▶ _Collection entries_
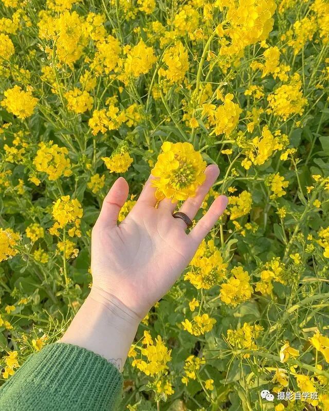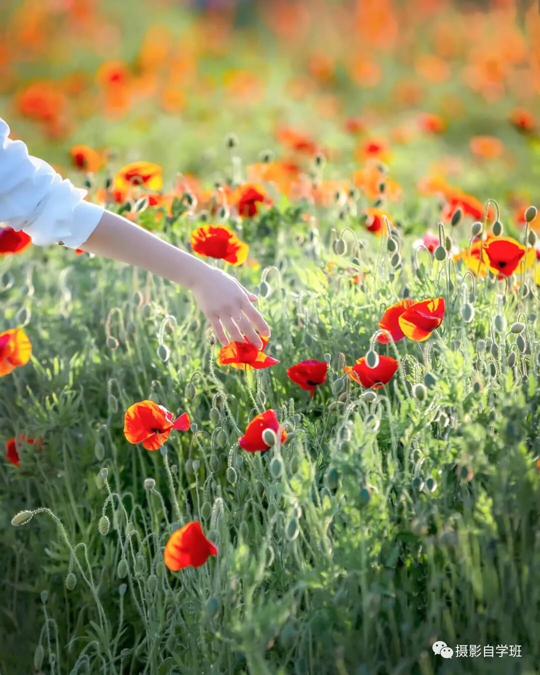 拍摄不露脸的人像照片,既然不好意思面对镜头,干脆就在画面当中,不显露出脸,也不显露出头部,可以像图4这样,伸手摸着身旁的花,或者像图5这样,把手放在花下,但这两张照片,明显图4更好看,这是因为,光从侧逆光的方向来,让花朵的边缘,更有质感,叶片透光,纹理清晰,也更加好看,而图5就是从上往下拍,画面看起来,有些一般。
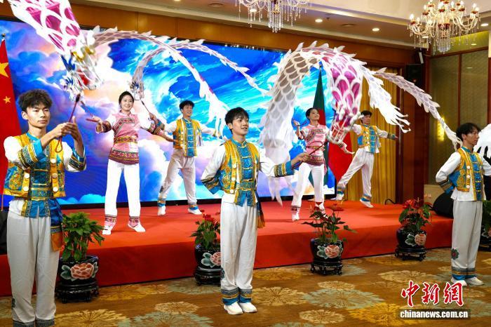 9月26日,慶祝中華人民共和國(guó)與孟加拉人民共和國(guó)建交50周年招待會(huì)現(xiàn)場(chǎng)演出的白族舞蹈《白族彩帶龍》?!×_婕 攝
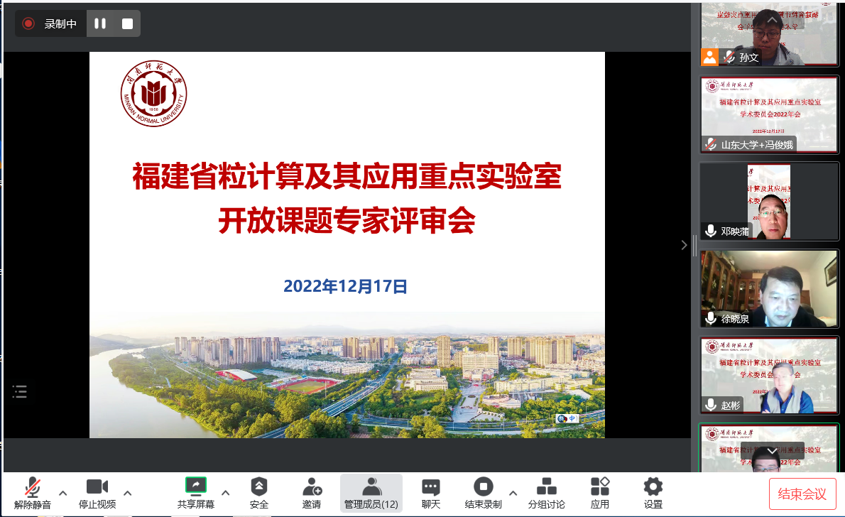 12月17日,福建省粒计算及其应用重点实验室学术委员会2022年会在腾讯会议线上召开。粒计算实验室第三届学术委员会各位专家参加会议,会议由学术委员会主任赵彬教授主持。
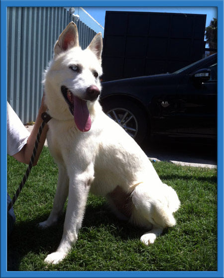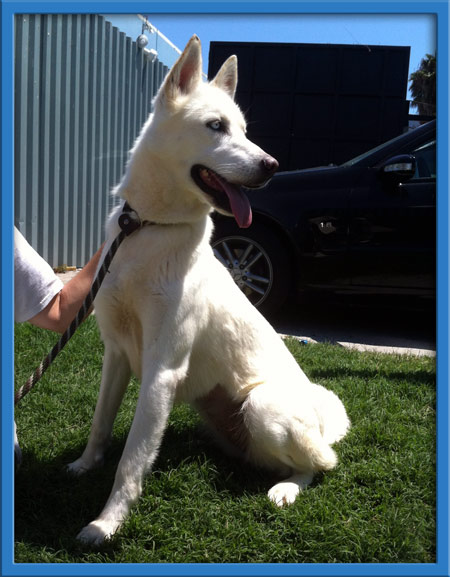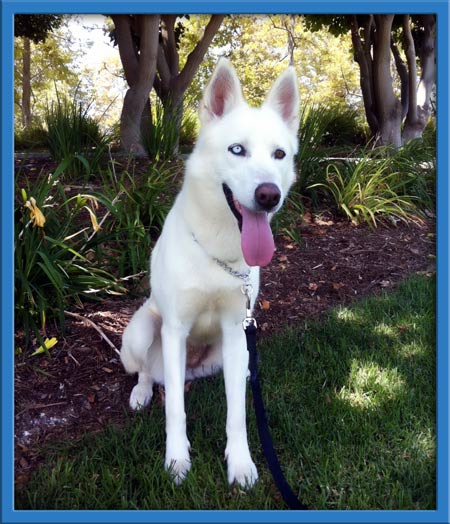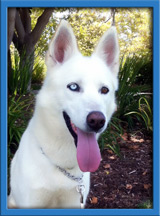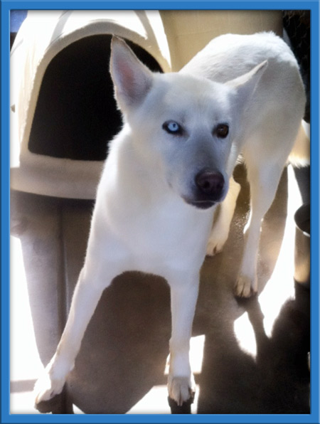 Lindzi was frightened and untrusting when rescued. Now, after seeing that we only want the best for her, she's opened up and learning to enjoy people. With her distinctive brown and blue eyes, Lindzi is as sweet as she is gorgeous -- she loves giving kisses! Lindzi seems to crave being with other dogs and would probably be just fine with small dogs, too (her neighbor in the boarding kennel is a chihuahua and they give each other kisses thru the fence). Lindzi hasn't had much training but she's getting used to walking on a leash and picks up new things quickly. She's very food motivated which makes training a breeze.
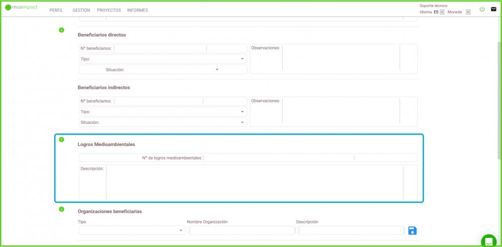 Los Logros medioambientales se refieren a las mejoras que podrían darse en beneficio del medioambiente como consecuencia de la iniciativa, representados por datos cuantificables: árboles plantados, toneladas de CO2 ahorradas, animales salvados, especies protegidas, toneladas de basura reciclada, etc.
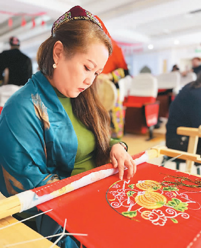 指着那幅刺绣作品,卡德尔笑着告诉记者:“现在,我和绣娘的花都开了!”
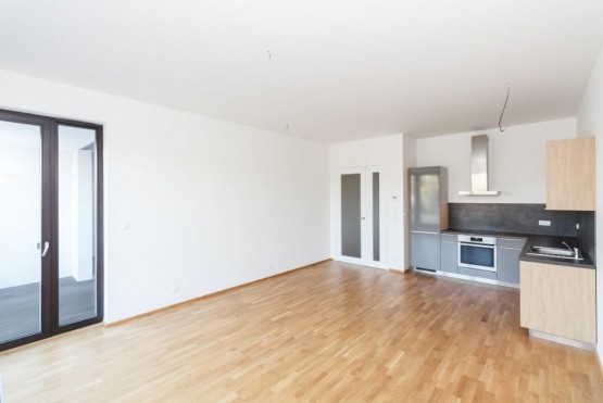 Krásný slunný byt 2+kk k pronájmu o celkové rozloze 54m2 s balkonem (6m2) a sklepní kójí se nachází v prvním patře včetně výtahu v rezidence Marine Island v... ulici Sanderova, Praha 7.

▶ _Exercise instructions_
Output the entries above exactly. Do not include the pictures.

▶ _Completed task_
 拍摄不露脸的人像照片,既然不好意思面对镜头,干脆就在画面当中,不显露出脸,也不显露出头部,可以像图4这样,伸手摸着身旁的花,或者像图5这样,把手放在花下,但这两张照片,明显图4更好看,这是因为,光从侧逆光的方向来,让花朵的边缘,更有质感,叶片透光,纹理清晰,也更加好看,而图5就是从上往下拍,画面看起来,有些一般。
 9月26日,慶祝中華人民共和國(guó)與孟加拉人民共和國(guó)建交50周年招待會(huì)現(xiàn)場(chǎng)演出的白族舞蹈《白族彩帶龍》?!×_婕 攝
 12月17日,福建省粒计算及其应用重点实验室学术委员会2022年会在腾讯会议线上召开。粒计算实验室第三届学术委员会各位专家参加会议,会议由学术委员会主任赵彬教授主持。
 Lindzi was frightened and untrusting when rescued. Now, after seeing that we only want the best for her, she's opened up and learning to enjoy people. With her distinctive brown and blue eyes, Lindzi is as sweet as she is gorgeous -- she loves giving kisses! Lindzi seems to crave being with other dogs and would probably be just fine with small dogs, too (her neighbor in the boarding kennel is a chihuahua and they give each other kisses thru the fence). Lindzi hasn't had much training but she's getting used to walking on a leash and picks up new things quickly. She's very food motivated which makes training a breeze.
 Los Logros medioambientales se refieren a las mejoras que podrían darse en beneficio del medioambiente como consecuencia de la iniciativa, representados por datos cuantificables: árboles plantados, toneladas de CO2 ahorradas, animales salvados, especies protegidas, toneladas de basura reciclada, etc.
 指着那幅刺绣作品,卡德尔笑着告诉记者:“现在,我和绣娘的花都开了!”
 Krásný slunný byt 2+kk k pronájmu o celkové rozloze 54m2 s balkonem (6m2) a sklepní kójí se nachází v prvním patře včetně výtahu v rezidence Marine Island v... ulici Sanderova, Praha 7.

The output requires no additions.